With 850,000 homes foreclosed and 2.6 million jobs lost in 2008, executive director of the U.S. Inter-agency Council on Homelessness Philip Mangano said, "We would be naïve to believe that we won't see more homeless families." And it's the poorer people "playing by the rules, paying their rent," who often find themselves homeless when their apartment owners suffer foreclosure and inform them they have weeks to find a new place to live. While the official data won't be collected and stamped for approval until later this year, Mangano said the homelessness numbers are going up.

At his poorest, Jeff (some last names in this story are omitted to protect privacy) had 15 cents in his pocket. An ex-military man and a car salesman since the 1980s, he'd seen his sales fall to one or two cars a month. His boss wasn't doing much better, so when he faced foreclosure he kicked Jeff out of the renovated basement Jeff rented from him. For two weeks in October 2008, Jeff slept in his car in Denver, Colo., living off the warm coffee and doughnuts he got at Alcoholics Anonymous meetings, using a screwdriver to beat holes in his leftover canned goods, and pretending to shop so he could use the restroom in grocery stores.
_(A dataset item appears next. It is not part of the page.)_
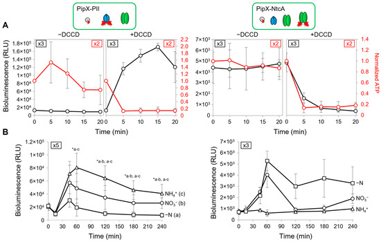 Real-time responses of PipX-PII and PipX-NtcA reporters to changes in energy levels and nitrogen sources. Reporter strains are indicated, and relevant proteins illustrated on top of the corresponding results. (A) Bioluminescence signals (black scale and curves) and normalized ATP levels (red scale and curves) from cultures grown with BG11 in the presence or absence of 200 µM DCCD. (B) Bioluminescence signals after transfer to the indicated nitrogen regimens. Data in (A,B) are presented as means with error bars (standard deviation) due to the indicated number of biological replicates (top rectangles) performed in each case. Wilcoxon rank-sum tests between the indicated comparisons produced p-values < 0.05 (*). (a–c) refer to the indicated nitrogen conditions.

He did not know of Denver organizations willing to feed him. He thought of begging for money but couldn't bring himself to do it. When he ran out of money for the gas to heat his car he stood in line at a mission but couldn't take the stares. He slunk away, sold his vacuum cleaner and some DVDs, and spent the money on an alcohol binge.

The next day he found himself in detox, where he slept on a mat next to a guy who cried and vowed never to drink again, only on the next day to be screaming for a bottle. Detox staffers gave Jeff a list and he called Step 13, choosing the center because the receptionist sounded kind: "I was scared to death. When you go from waking up every morning-take a shower, make coffee-to not knowing when you're going to be able to take a shower-it's a simple thing but when you lose it, it just kind of hits you."